Cronaca
Milazzo, Recuperato in mare il corpo senza vita del militare disperso

Il corpo senza vita di Aurelio Visalli,il sottufficiale della Guardia costiera disperso da ieri a Milazzo, è stato trovato alle 8 di questa mattina. Il militare si era lanciato in mare per salvare due bagnanti che stavano annegando.
Recuperato il corpo del militare
I due ragazzini di 13 e 15 anni avevano deciso di fare il bagno nonostante il mare fosse agitato. Erano andati in spiaggia in una località detta puntitta dove i ragazzini si tuffano e fanno a gara in mezzo agli scogli. Sembra che uno dei due si sia tuffato ma che poi non sia più riuscito a tornare a riva perché in balia delle onde. Aurelio Visalli di 40 anni che lavorava presso la Capitaneria del porto di Milazzo non ha esitato un attimo e si è tuffato in mare per soccorrere i due ragazzini, nonostante il vento forte e le onde alte ma purtroppo non ha avuto la forza di tornare a riva. A dare l’allarme sono stati alcuni passanti che hanno visto la scena.

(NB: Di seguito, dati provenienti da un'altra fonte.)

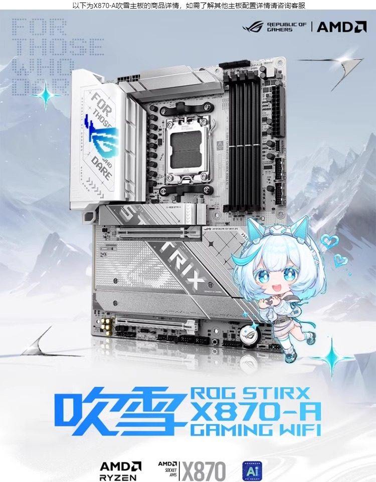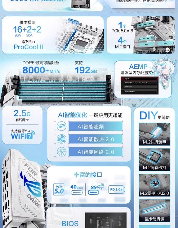 | Color Classification | [Faith Overclocking] Rog Crosshair X870E Apex (Only Supports Ddr5 Memory),[Rog Pure Blood] Rog Crosshair X870E Hero (Only Supports Ddr5 Memory),[Game Recommendation] Rog Strix X870E E Gaming Wifi (Only Supports Ddr5 Memory),[Good-Looking E-Sports] Rog Strix X870 F Gaming Wifi (Only Supports Ddr5 Memory),[Blizzard Ii] Rog Strix X870 a Gaming Wifi S (Only Supports Ddr5 Memory),[Black Blizzard] Rog Strix X870E H Gaming Wifi7 (Only Supports Ddr5 Memory),[Ro Ji] Rog Strix X870 H Gaming Wifi7 S Ro Ji (Only Supports Ddr5 Memory),[E-Sports Agent] Tuf Gaming X870E Plus Wifi7 (Only Supports Ddr5 Memory),[Heavy Gunner] Tuf Gaming X870 Plus Wifi (Only Supports Ddr5 Memory),[Master Wifi] Prime X870 P Wifi (Only Supports Ddr5 Memory),[Popular Master] Prime X870 P (Only Supports Ddr5 Memory),[Oops] X870 Ayw Gaming Wifi W (Only Supports Ddr5 Memory),[Performance Pioneer] X870 Max Gaming Wifi7 (Only Supports Ddr5 Memory),[Creative Country] Proart X870E Creator Wifi (Only Supports Ddr5 Memory),[E-Sports Itx] Rog Strix X870 I Gaming Wifi (Only Supports Ddr5 Memory) |

Le ricerche hanno lavorato senza sosta, guardia costiera, marina militare e polizia per cercare di salvare l’uomo ma era troppo tardi. Un testimone ha raccontato “la furia delle onde ha ostacolato il lavoro dei soccorritori, l’ho visto mentre le onde lo portavano via“.
Il cordoglio dei ministri De Micheli e Guerini
Il ministro della difesa Lorenzo Guerini ha dichiarato “Esprimo la vicinanza e il cordoglio alla famiglia e alla Guardia costiera del secondo capo Aurelio Visalli, il cui corpo è stato ritrovato in mare. È deceduto per salvare la vita a due bagnanti in difficoltà a Milazzo. Ricordiamo lui e tutte le persone che mettono il loro impegno e la loro vita al servizio dei cittadini e delle istituzioni“. Anche il Ministro dei trasporti De Micheli si è unita alle parole di Guerini “L’esito delle ricerche nel mare di Milazzo è quello che non avremmo mai voluto apprendere. Voglio far sentire tutto il mio affetto alla famiglia di Aurelio Visalli, scomparso mentre stava compiendo la missione più nobile assegnata alla Guardia costiera: salvare vite umane“.
Anche i colleghi profondamente addolorati lo hanno ricordato “era una persona disponibile sempre pronta ad aiutare tutti” tutta la città di Venetico si stringe al dolore della famiglia.